Tudo, tudo povoa minha cabeça, tudo faz bater mais forte o coração. Meus olhos fixos na tela do computador, notícias e notícias sendo atualizadas, o mundo girando, acontecendo, fervilhando, girando, girando. E meus olhos atentos, buscando novas atualizações, novas notícias, novidades dos amigos. Novidades. Novidades.
E quando meus olhos descansam da tela percebo a sala ao meu redor. A cortina não saiu do lugar. O pinóquio ainda está sentado, como há meses, no umbral acima da porta.

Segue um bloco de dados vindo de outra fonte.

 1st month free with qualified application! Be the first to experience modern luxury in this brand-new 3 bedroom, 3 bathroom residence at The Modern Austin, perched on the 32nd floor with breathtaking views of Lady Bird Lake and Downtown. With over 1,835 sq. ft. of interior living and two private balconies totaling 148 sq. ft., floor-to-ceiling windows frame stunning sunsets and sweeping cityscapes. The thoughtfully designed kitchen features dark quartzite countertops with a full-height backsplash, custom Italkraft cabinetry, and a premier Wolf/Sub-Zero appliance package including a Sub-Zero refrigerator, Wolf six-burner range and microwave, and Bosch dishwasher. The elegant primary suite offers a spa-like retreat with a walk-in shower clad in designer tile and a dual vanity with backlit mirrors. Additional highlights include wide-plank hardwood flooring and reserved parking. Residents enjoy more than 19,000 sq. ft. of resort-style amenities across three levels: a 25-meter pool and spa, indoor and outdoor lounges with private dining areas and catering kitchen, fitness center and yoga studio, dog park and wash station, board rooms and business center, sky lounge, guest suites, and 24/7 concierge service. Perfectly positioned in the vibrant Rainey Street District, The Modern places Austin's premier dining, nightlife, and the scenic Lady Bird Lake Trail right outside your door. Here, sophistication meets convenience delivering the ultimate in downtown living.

Os quadros e as fotografias representam os mesmos lugares que representavam desde que foram colocados ali. As lembranças trazidas por cada objeto ainda são as mesmas. Dois porquinhos de barro em cima lareira. Galinhas de madeira ciscando uma sujeira que não existe. Uma luminária iluminando cotidianamente meus estudos. Uma cadeira ainda com o pé quebrado. Uma lâmpada ainda queimada.

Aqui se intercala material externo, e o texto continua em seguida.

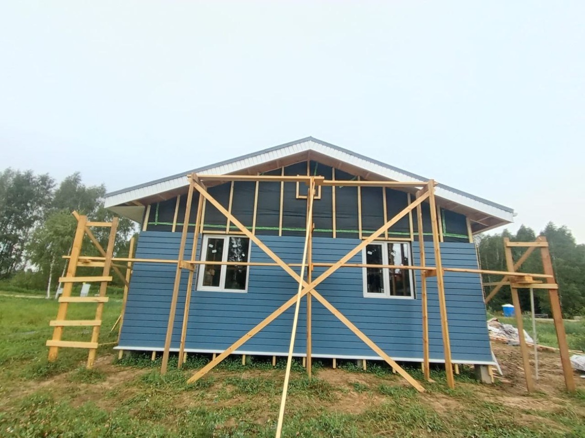♦️Этап наружной отделки стен дома ✅ Наружная отделка - имитация бруса 20х140, хвоя, сорт АВ 🎨 🌈 Обработка по схеме +1 слой грунт со всех сторон +2 слоя краска с 3-х сторон ✅ Промышленный состав Teknos цвет Т 7034 (окраска в заводских условиях)

Não. Nada é tão veloz. Não há notícias e atualizações e novidades e promoções capazes de modificar um milímetro o que acontece no lugar exato onde estou agora. Nada muda. O tempo não passa. Até as flores parecem não murchar nem envelhecer. Eu mesma não envelheço. Mentira que o tempo passa. É só ilusão. Ilusão de movimento.

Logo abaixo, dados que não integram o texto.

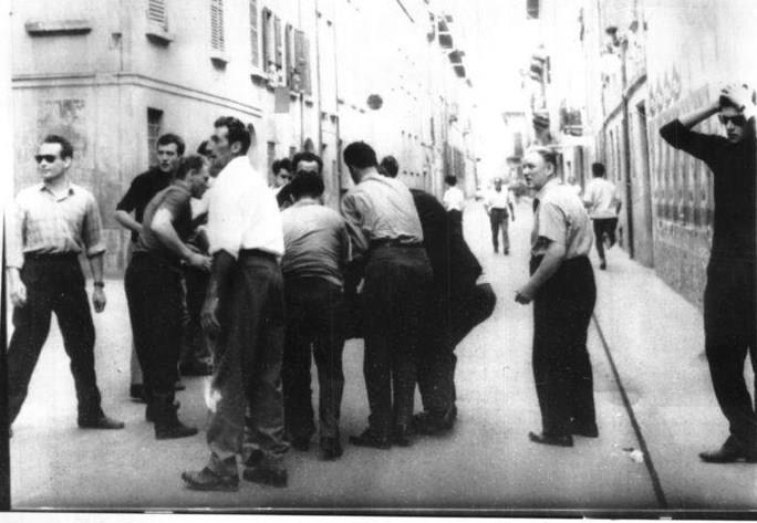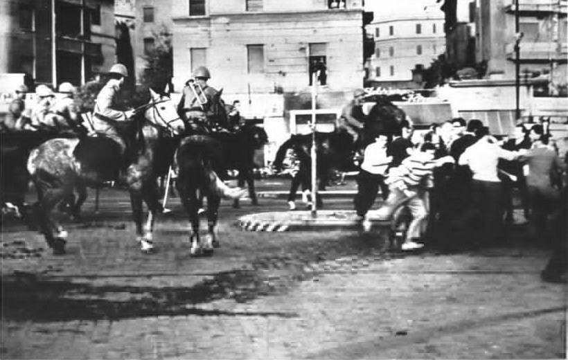 Così ci muovemmo, preceduti dalla corona, lungo viale Aventino. Fatti pochi passi, prima ancora di raggiungere Porta S. Paolo, cominciò il finimondo: la cavalleria, guidata da Raimondo d’Inzeo, caricò la testa del corteo, su cui si rovesciava il getto di acqua colorata degli idranti, e intervenivano le camionette della celere. La folla si disperse per i giardinetti dietro l’ufficio postale Ostiense, per le scale che salivano tra le case verso S. Saba e per le vie del vicino quartiere Testaccio. Si scatenò una vera e propria guerriglia urbana: i manifestanti si difendevano dalle cariche gettando sulla polizia tutti gli oggetti che riuscivano a trovare. Franco Rodano, Ugo Bartesaghi ed io non so come ci ritrovammo illesi e asciutti in mezzo alla confusione. Pietro Ingrao però, e un parlamentare socialista di Bologna, l’on. Gian Guido Borghese, vennero feriti dalle manganellate e furono subito portati alla Camera: entrarono sanguinanti in aula, dove avvenne un vero putiferio.

Porque assim como eu, o mundo uma hora desconecta, desliga o computador, acaba a bateria, dá apagão. E nessa hora o que resta é mundo, esse mundo mesmo que conhecemos, com seus pinóquios e beija-flores e hortências e lâmpadas queimadas e porquinhos de barro sobre a lareira. O que resta é a gente olhando para as estrelas, lembrando do tempo em que apontar para estrela cadente fazia crescer verruga no dedo. O que resta é a gente mesmo, de carne e osso, sem novidades, sem mudanças, sem notificações. O que resta sou e você. E bem que poderíamos fazer um bom baile com isso tudo.
Soluço
A gritaria é enorme e não se sabe mais quem ofende, quem defende. Aos berros ela arranca as roupas do varal, aperta no punho fechado uma camiseta do marido e diz que está tudo duro, cheirando a bife, dias e dias esquecida na lavanderia. O marido lembra que ela tratou mal seus amigos no último encontro, que ela não se esforça, que se acha melhor que todos os outros, que menospreza sua família e que todos percebem isso. Ela pergunta se tem cara de empregada, se ele acha que é isso que uma mulher deve fazer, passar o dia arrumando a bagunça que ele faz, tentando adivinhar o que ele quer para o almoço. É isso?
Ela pega as roupas dele recém passadas sobre a cama e joga no chão. Embaralha, amassa, pisoteia, pergunta se ele quer uma passadeira. Ele sai. Ela corre atrás dele, grita, diz que ninguém a deixa falando sozinha.
Ele pega a chave do carro, bate a porta, canta o pneu. Ela pega um copo, joga no chão. A raiva não passa. Ela joga tudo o que vê no chão. A raiva não passa. Vai até a varanda e espera. Espera o marido, espera a raiva. Espera. O marido volta. Se senta ao lado dela. Ele a abraça, ela tenta se desvencilhar. Ele é mais forte, segura a mulher. Ele a abraça forte. Ele diz no ouvido dela em tom decidido: eu te amo. Ela solta o corpo, se envolve naquele abraço. Ele a aperta mais e sussurra que ela é a mulher mais linda do mundo, a mais linda de todo o mundo. Ela devolve o abraço, soluça.
Eles entram em casa, ela recolhe as roupas no chão, ele busca a vassoura e varre os cacos, ela pergunta o que ele vai querer para o almoço, ele diz que mais tarde vai levá-la para tomar um café. Passeiam, namoram etc.